= Solar-Terrestrial Observer for the Response of the Magnetosphere =

The Solar-Terrestrial Observer for the Response of the Magnetosphere (STORM) was one of five mission proposals selected to proceed to Phase A concept studies as part of the 2019 NASA Heliophysics Medium Class Explorer Announcement of Opportunity. STORM will provide the first-ever global view of the Sun-Earth system. STORM takes simultaneous observations of the solar wind and the response of Earth’s magnetosphere, including the magnetopause, auroral oval, and ring current dynamics, using global multi-spectral and neutral atom imaging to quantify the global circulation of the energy that powers space weather.

STORM comprehensively fills gaps in our current understanding of the solar wind-magnetosphere interaction by addressing the following science objectives: (A) energy transfer at the dayside magnetopause, (B) energy circulation and transfer through the magnetotail, (C) energy sources and sinks for the ring current, and (D) energy feedback from the inner magnetosphere. STORM was led by Principal Investigator Dr. David Sibeck and Deputy Principal Investigator the late Dr. Michael Collier at NASA’s Goddard Space Flight Center.

== Science goals and objectives==
STORM’s main scientific goal is to quantify the global circulation of energy in the solar wind-magnetosphere interaction that powers space weather in Earth’s environment. STORM will achieve this goal by quantifying the flow of energy in four key regions of the Sun-Earth system and addressing target science objectives in each region. These are:

- A) Energy transfer at the dayside magnetopause: How does global magnetopause reconnection control the flow of solar wind energy into the magnetosphere?

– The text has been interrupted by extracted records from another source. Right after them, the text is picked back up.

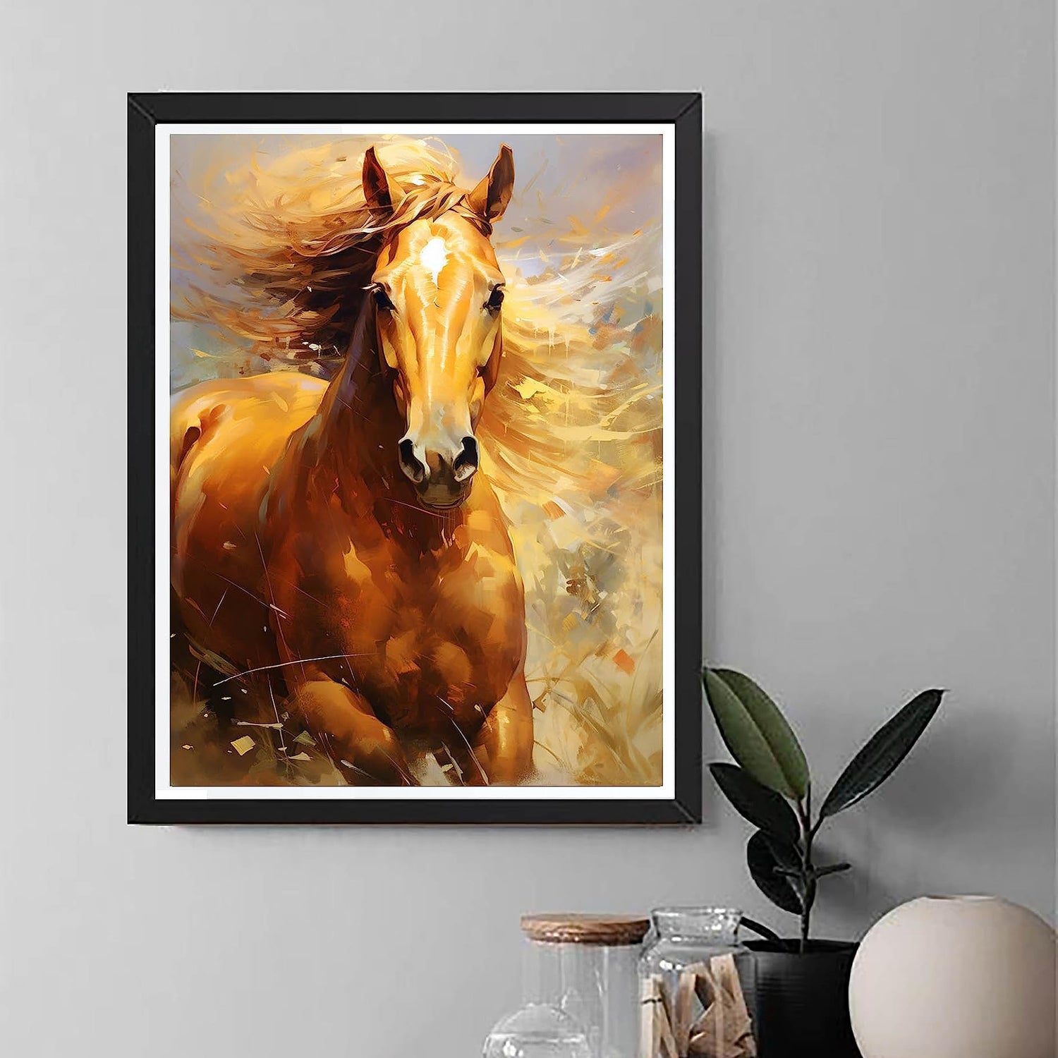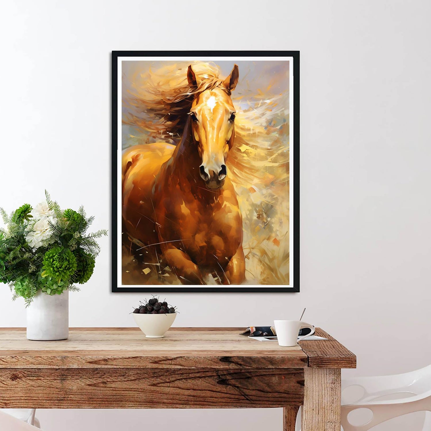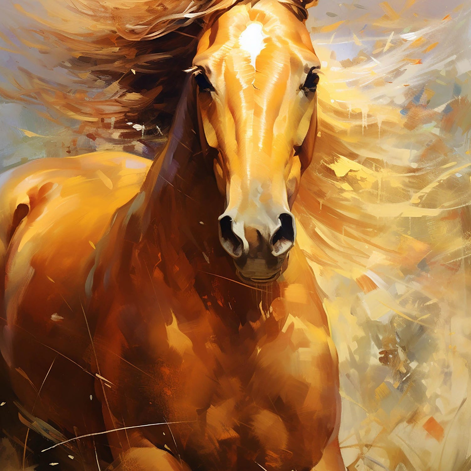 - A majestic horse stands with its mane flowing in the wind, symbolizing freedom and strength. The golden hues and dynamic brushstrokes capture the essence of a powerful spirit, embodying resilience and grace. This image invites one to embrace the wild and fearless spirit within.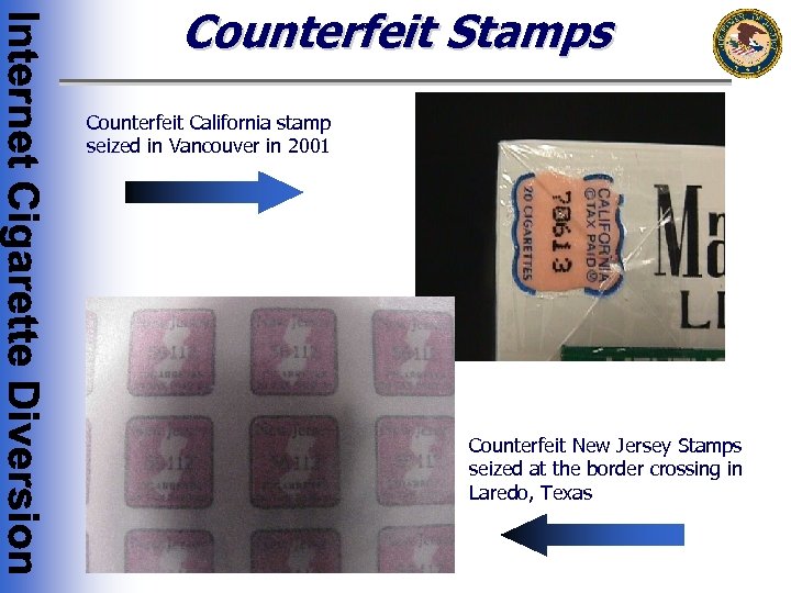 Why the Counterfeit Good/Stamps Statutes are Violated • There have been a number of investigations that have identified cigarette traffickers dealing in counterfeit cigarettes • The counterfeited cigarettes are often premium brands, such as Marlboro or Newport, and require the counterfeiters and traffickers to deal in goods bearing counterfeit marks • Sometimes, to create the additional appearance of legitimacy, the cigarette traffickers will also stamp the cigarettes with counterfeit tax stamps; this is done to further mislead the consumer into believing that he/she is purchasing a genuine product • Many times in which the cigarette traffickers offer cartons of cigarettes at very low prices (e. g. under $14 -15), the cigarettes are counterfeit • Those involved in counterfeit product evade Federal as well as State excise taxes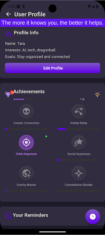 O Orbit-AI lembra das coisas importantes para que você não precise se preocupar. Você receberá lembretes automáticos e até mesmo mensagens sugeridas com base na sua última interação, preferências pessoais e datas especiais. De mensagens de aniversário sinceras a acompanhamentos significativos, o Orbit-AI tem tudo o que você precisa.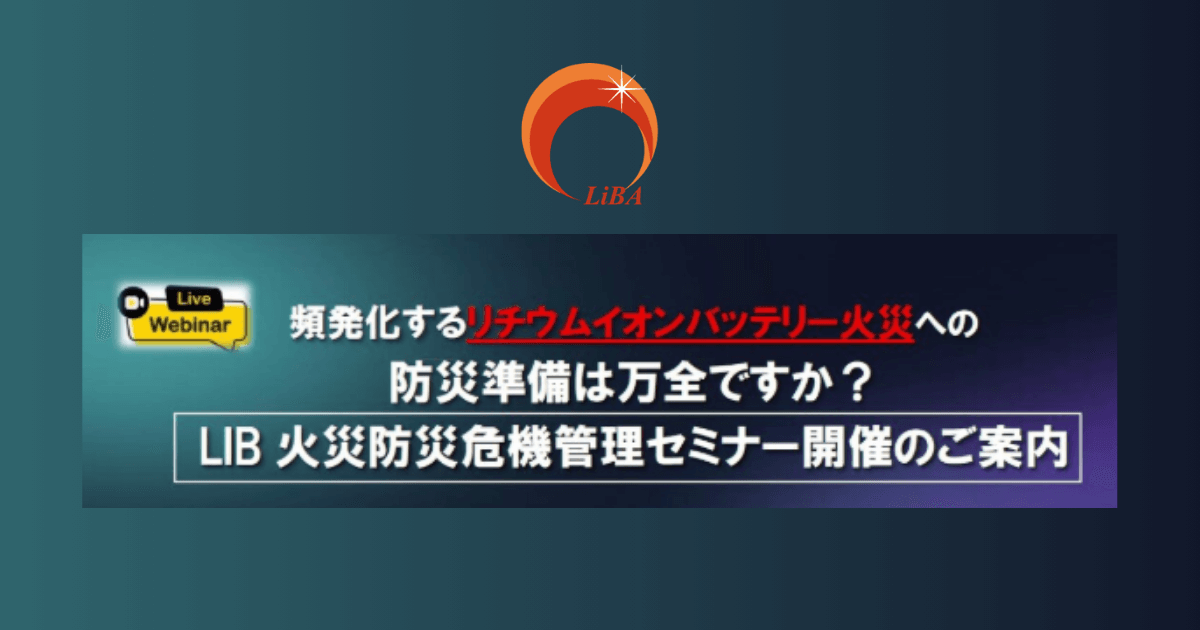 LIB 火災の危険性、及び品質・消火効能検査機関として設立された「社団LiBA」により、頻発するLIB火災に対処できる消火製品の性能・成分・消火効果を検査し、効能公証を受けた製品を公開!事業所・ご家庭での専用消火減災機器の振興への取組を啓発することを目的として開催されます。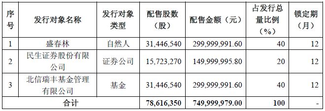 本次發行不涉及購買資產或者以資產支付,認購款項全部以現金認購,3名發行對象已將認購資金全額匯入指定的資金交收賬戶。各發行對象獲得配售的情況如下: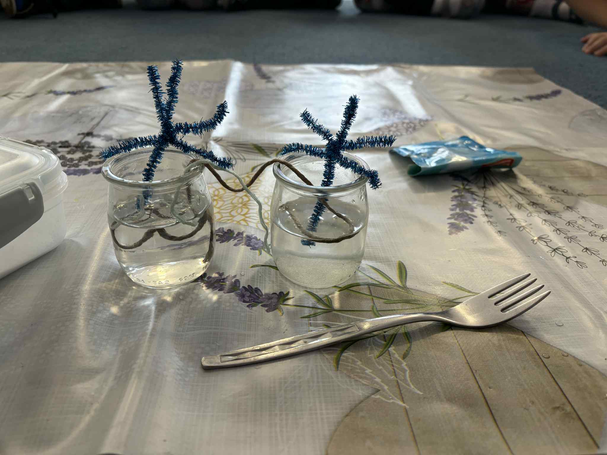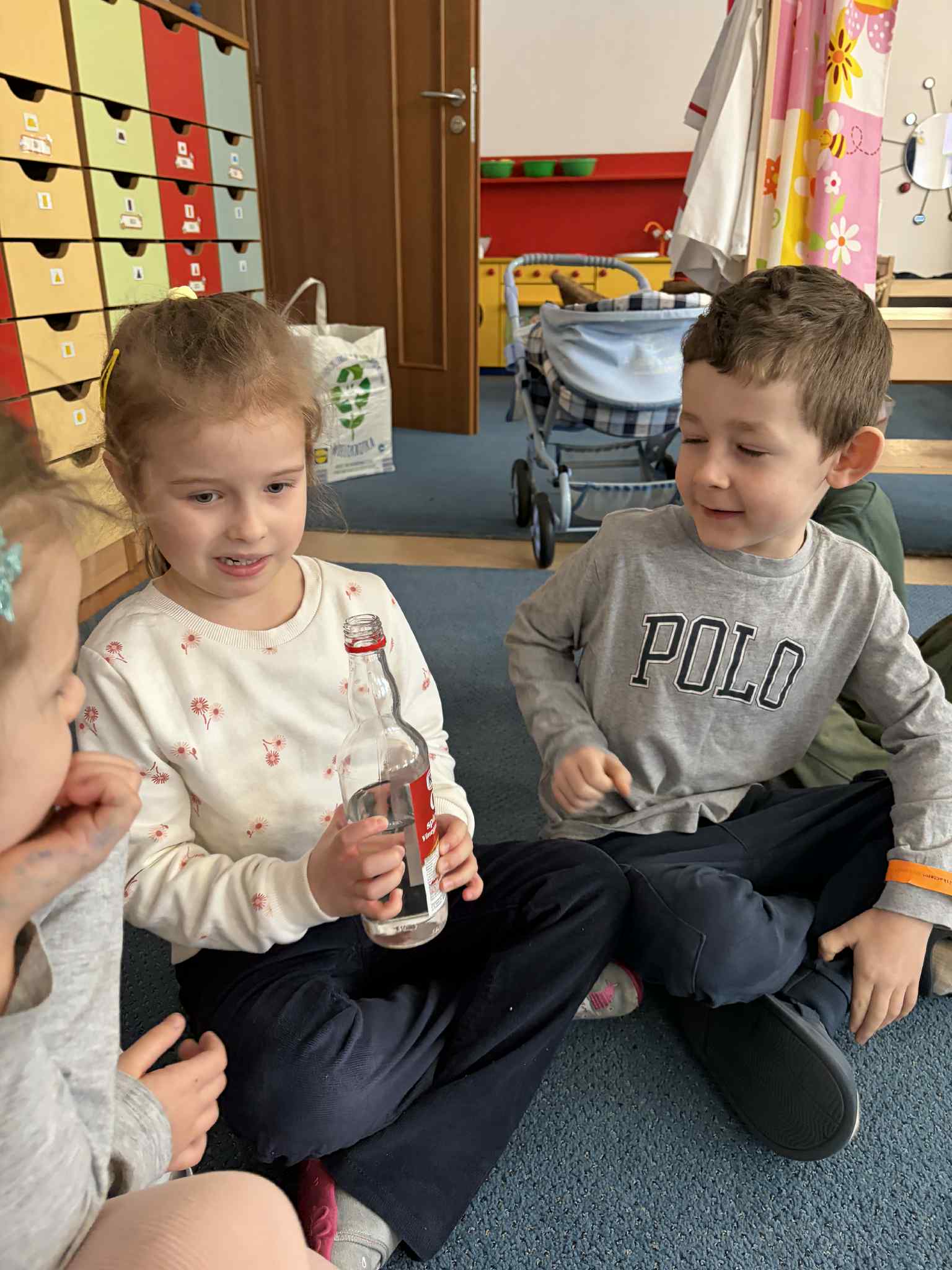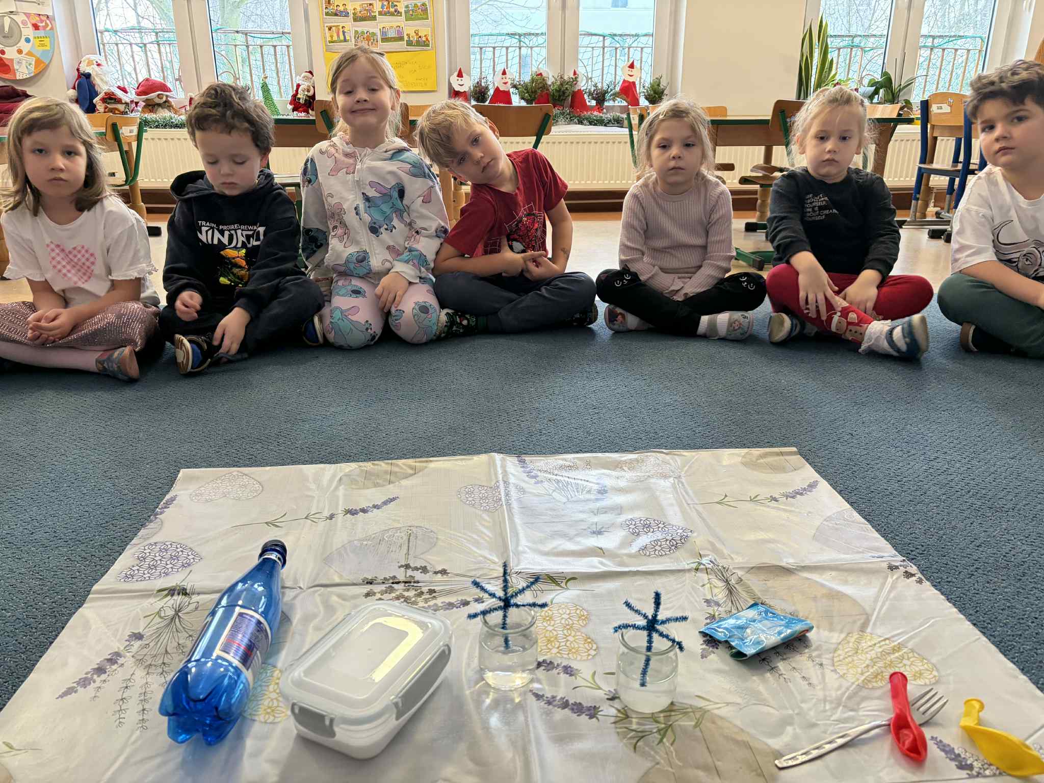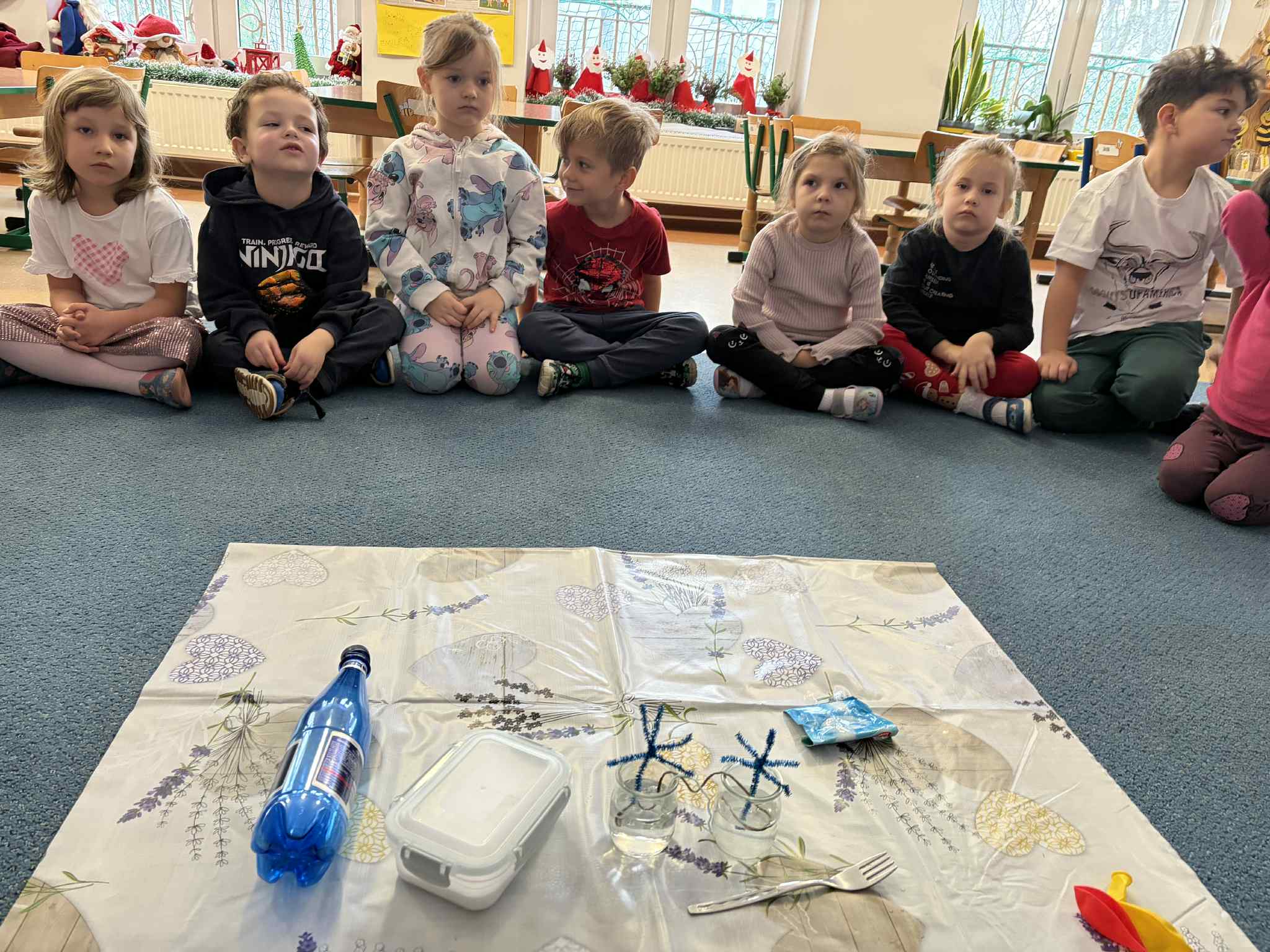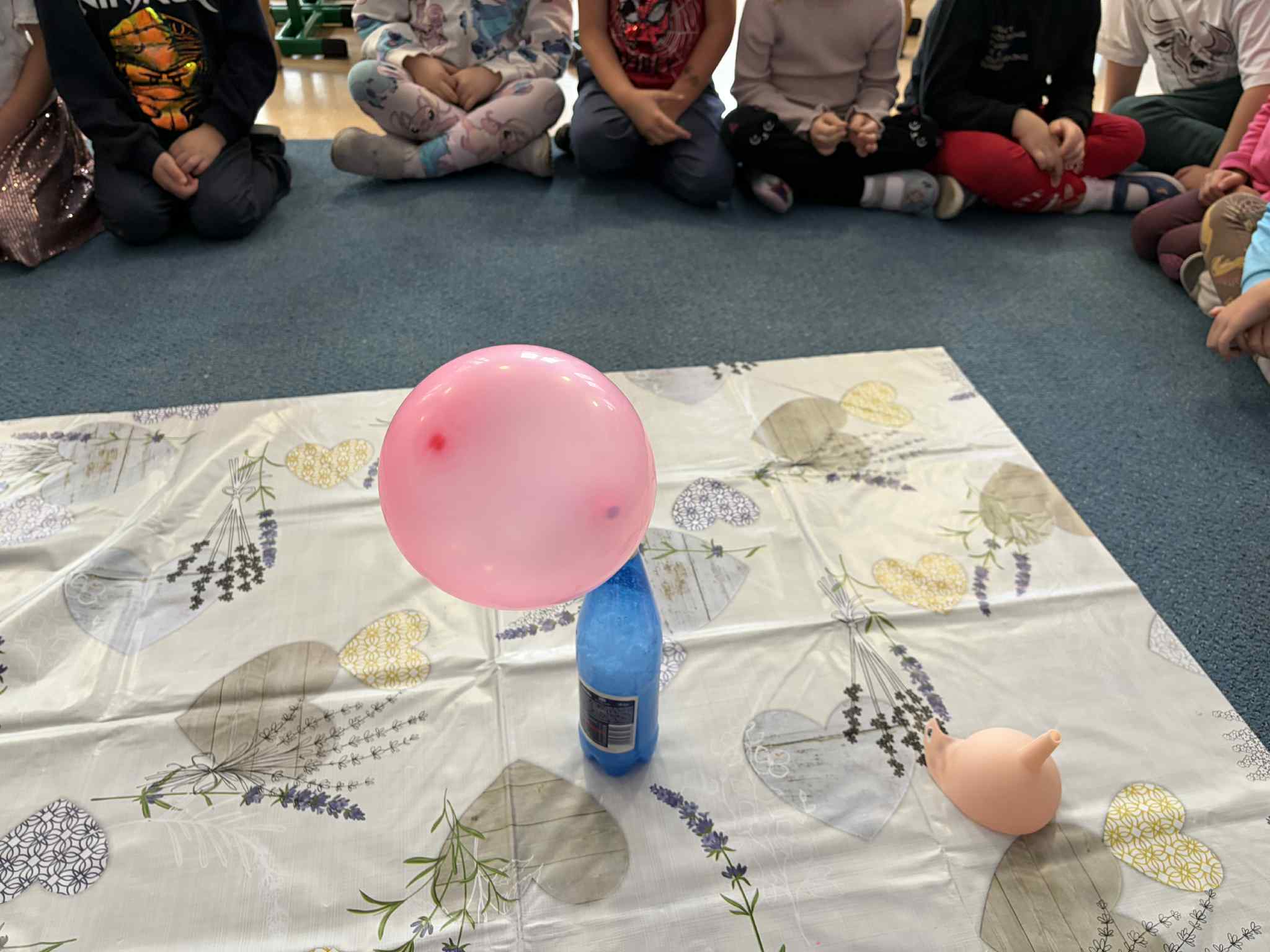 W OSTATNIM CZASIE PRZEPROWADZILIŚMY Z DZIEĆMI WIELE CIEKAWYCH DOŚWIADCZEŃ, KTÓRE POZWOLIŁY IM LEPIEJ POZNAĆ OTACZAJĄCY ŚWIAT. JEDNYM Z NICH BYŁO SPRAWDZANIE CZYSTOŚCI POWIETRZA. DZIECI PRZETARŁY SZYBY WACIKIEM, ABY ZOBACZYĆ, CZY OSADZAJĄ SIĘ NA NICH PYŁKI I ZANIECZYSZCZENIA. OKAZAŁO SIĘ, ŻE WACIK BYŁ BRUDNY, CO POTWIERDZIŁO OBECNOŚĆ ZANIECZYSZCZEŃ W POWIETRZU I NA OKNACH. KOLEJNYM DOŚWIADCZENIEM BYŁA KRYSTALIZACJA SOLI. DZIECI CODZIENNIE OBSERWUJĄ, JAK PODCZAS PAROWANIA WODY SÓL ULEGA KRYSTALIZACJI, TWORZĄC KRYSZTAŁKI NA NITCE ORAZ ŚCIANKACH NACZYNIA. REGULARNIE, CO TYDZIEŃ, SPRAWDZAJĄ, CZY LICZBA KRYSZTAŁKÓW SIĘ ZWIĘKSZA. OSTATNIM DOŚWIADCZENIEM BYŁ EKSPERYMENT Z BALONEM. PRZY UŻYCIU BUTELKI, SODY OCZYSZCZONEJ, OCTU I BALONU DZIECI ZAOBSERWOWAŁY REAKCJĘ CHEMICZNĄ, W WYNIKU KTÓREJ BALON SAM SIĘ NADMUCHAŁ. DOŚWIADCZENIA SPRAWIŁY DZIECIOM WIELE RADOŚCI I BYŁY DOSKONAŁĄ OKAZJĄ DO NAUKI PRZEZ OBSERWACJĘ I ZABAWĘ.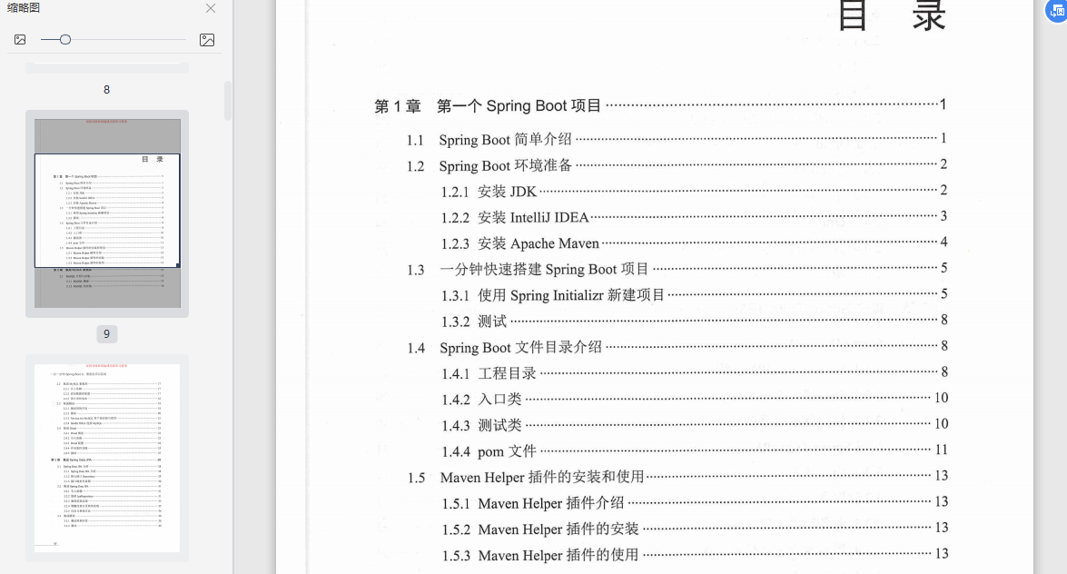 第1章介绍开始学习Spring Boot之前的环境准备、如何一分钟快速搭建Spring Boot、Spring Boot文件目录以及Maven Helper插件的安装和使用等。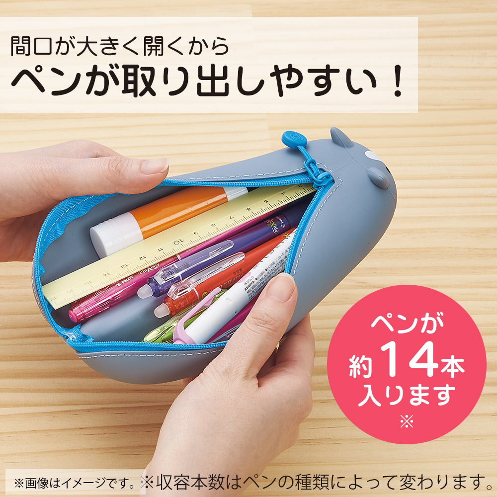 ペンが約14本入ります。ペンや文具小物入れに。底面は転がりにくいフラット仕様。
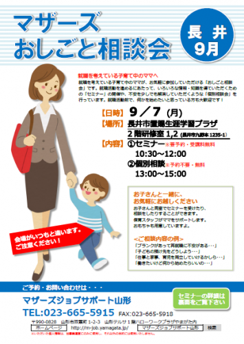 ▼マザーズおしごと相談会in長井 9月開催のご案内

What are the spatial and temporal properties of this interaction as a function of solar wind conditions?
- B) Energy Circulation and Transfer Through the Magnetotail: How does magnetotail reconnection regulate the circulation of energy from the dayside, through the magnetotail and into the inner magnetosphere. What controls the occurrence and significance of differing reconnection modes?
- C) Energy Sources and Sinks for the Ring Current: How efficiently do magnetotail response modes energize ring current ions? How do transport and loss mechanisms affect the subsequent evolution of the energized ring current?
- D) Energy feedback from the inner magnetosphere: How does the ring current affect the location of the dayside magnetopause and the occurrence of reconnection in the tail?

== Mission Design==

=== Onboard Instruments===
STORM has a complement of 6 onboard instruments: 2 in-situ instruments and 4 imagers. STORM’s two in-situ instruments, the magnetometer (MAG) and ion electron spectrometer (IES), measure the local magnetic field and plasma, respectively. STORM’s 4 imagers, the soft x-ray imager (XRI)[5], the far ultraviolet imager (FUV), the energetic neutral atom imager (ENA), and LAICA, make nearly continuous observations of the magnetopause and bow shock, the auroral oval, the Earth’s ring current, and the exosphere (respectively).

==== Ground-based Instruments====
STORM’s 6 onboard instruments are further supplemented with an array of all-sky imagers (ASI) which provide high spatio-temporal observations of the aurora. STORM will deploy 28 ASI at 14 locations across North America to image the green (557.7 nm) and red (630.0 nm) line aurora.

==== Orbit====
STORM employs a single lunar swing by to enter a circular 90° inclination orbit with a radius of 30 Earth radii and a period of 9.65 days which precesses a full 360° per year. This orbit enables observations of the magnetosphere’s response to varying solar wind conditions from the full range of vantage points over time scales encompassing all space weather phenomena. Furthermore, this orbit allows scientific return 100% of the time from at least a single instrument and up to 83% of the time from all instruments, allowing for extended observation periods.